Month: March 2016

Fiancée Game – 04 – CharGen

Estimated Hours of Work Since Last Update: 8

   It’s been a lot longer since the last update than I’d intended, apologies for that. Life does, as they say, have something of a tendency to get in the way. My day job has been extremely busy of late and, between that and longer hours at my second job, it’s been cutting into my free time for both Fiancée Game development and LPing.
   That said, I’ve managed to squirrel away a few decent chunks of time over the past month-ish to work on things and get some additional systems implemented. Let’s dive in, shall we?

   Here’s a quick look at what the above eight hours have turned into:

Character Creation
   I spent around three hours getting character creation implemented into the game. It’s fairly simple looking, but it does what I need it to do. The player can name themselves, choose a class, and roll their attributes before beginning play. I decided to go with randomly rolled attributes because my fiancée really enjoys both the randomness and the “one more roll and it’s all 18s” aspect of the system.

Character generation is basic, but it does what it needs to do.

   There are the beginnings of some deeper systems in play here. Skills are going to be something that I’ll be needing to implement to finalize character creation. Three of the four classes begin play with a predetermined skill (the adventurer being given a skill point instead). In addition to a starting skill, each class begins play with a small bit of gear appropriate for them along with a pittance in gold — I’m thinking between 50 and 100 — enough for a night or two at the inn in town and maybe a healing potion.

   The only things left to be implemented in character generation are a “Begin Play” button and the ability to spend randomly generated bonus points on ability scores. Outside of that it’s fully functional.

   Up until now combat had more or less only been implemented in the UI sense. I’ve not got some basic fighting implemented, at least on the player’s side. The player attacks properly (with calculated miss chances), with the appropriate number of swings depending on weapon(s) equipped, and deals appropriate damage based on their equipped weapon and other assorted statistics.

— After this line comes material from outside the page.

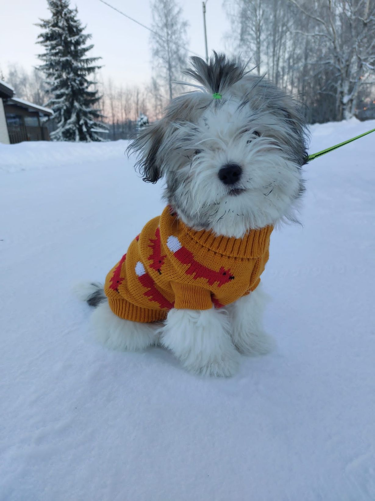 Neljän kuukauden ikäinen coton de tulear- pentu Tyyne ulkoili kirpeässä tammikuisessa pakkassäässä neulepaita yllään. Paita ei menoa haitannut!

   The current systems I have in place for attacking are likely to be re-coded in their entirety before combat is finalized. I want to separate some functions and I have to implement weapon properties, which should be an adventure.

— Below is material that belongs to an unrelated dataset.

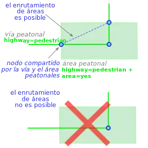 Cuando varias áreas peatonales sean contiguas, deben compartir nodos a lo largo de su unión – esto ayuda a los motores de enrutamiento a considerarlas como un área única.

   Once player attacking is where I want it, I need to work on the enemy’s ability to retaliate. I’ve currently got a handful of ideas on how I want to do this based around assorted types of enemy behavior. I want to make it so some enemies favor using special attacks (spellcasters), while others will favor attacking but might occasionally use a special attack if they have it (general critters). There are going to be sub-types to the AI, I think; a spellcaster, for example, with special abilities keyed towards healing its allies will probably have AI written around making sure all of its allies HP are greater than 50% and healing them when it isn’t. That kind of stuff. I’m looking forward to it as I’ve never really dealt with anything resembling complex AI before, even in a turn-based setting.

   Amidst working on all of the above, I also went back and re-wrote how the game handles the player’s equipment. Nothing major, but it speeds up the various look ups I have to do for determining final statistics and whatnot.